[Task instructions]: What you produce should be an exact transcription of the data, minus any pictures.

[Stored data]:
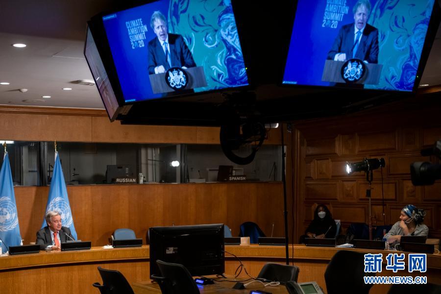 12月12日,在位于紐約的聯(lián)合國總部,聯(lián)合國秘書長古特雷斯(左)出席氣候雄心峰會。聯(lián)合國秘書長古特雷斯12日在氣候雄心峰會上致辭,呼吁全球進入“氣候緊急狀態(tài)”。新華社發(fā)(聯(lián)合國供圖)
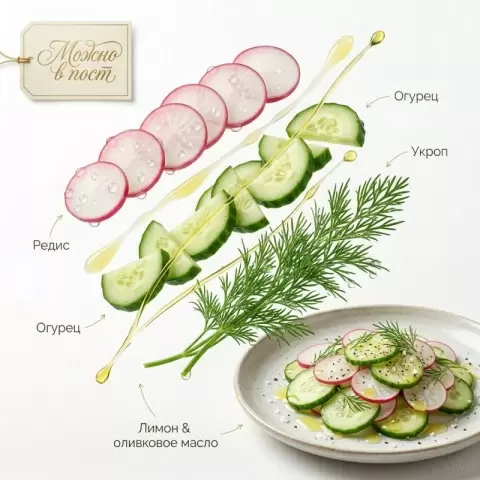 Начнём с этого салата, который словно дышит свежестью. Хрустящий редис, сочный огурец и душистый укроп создают яркое весеннее настроение. В редисе — невероятное количество витамина C, что делает его идеальным стартом для любого обеда.
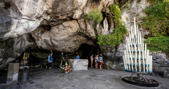 À Lourdes, lors de la neuvième apparition de Marie à Bernadette, le 25 février 1858, la Vierge lance un appel à la pénitence. Trois cents personnes sont présentes.
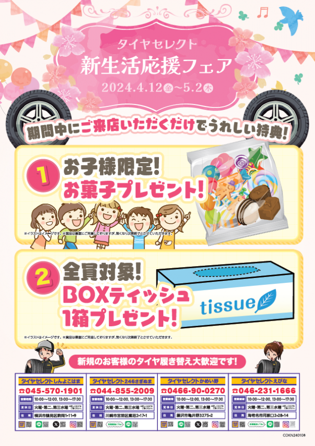 タイヤセレクト246さぎぬま では小学生6年生までのお子様連れ限定で

[Solution to the problem]:
 12月12日,在位于紐約的聯(lián)合國總部,聯(lián)合國秘書長古特雷斯(左)出席氣候雄心峰會。聯(lián)合國秘書長古特雷斯12日在氣候雄心峰會上致辭,呼吁全球進入“氣候緊急狀態(tài)”。新華社發(fā)(聯(lián)合國供圖)
 Начнём с этого салата, который словно дышит свежестью. Хрустящий редис, сочный огурец и душистый укроп создают яркое весеннее настроение. В редисе — невероятное количество витамина C, что делает его идеальным стартом для любого обеда.
 À Lourdes, lors de la neuvième apparition de Marie à Bernadette, le 25 février 1858, la Vierge lance un appel à la pénitence. Trois cents personnes sont présentes.
 タイヤセレクト246さぎぬま では小学生6年生までのお子様連れ限定で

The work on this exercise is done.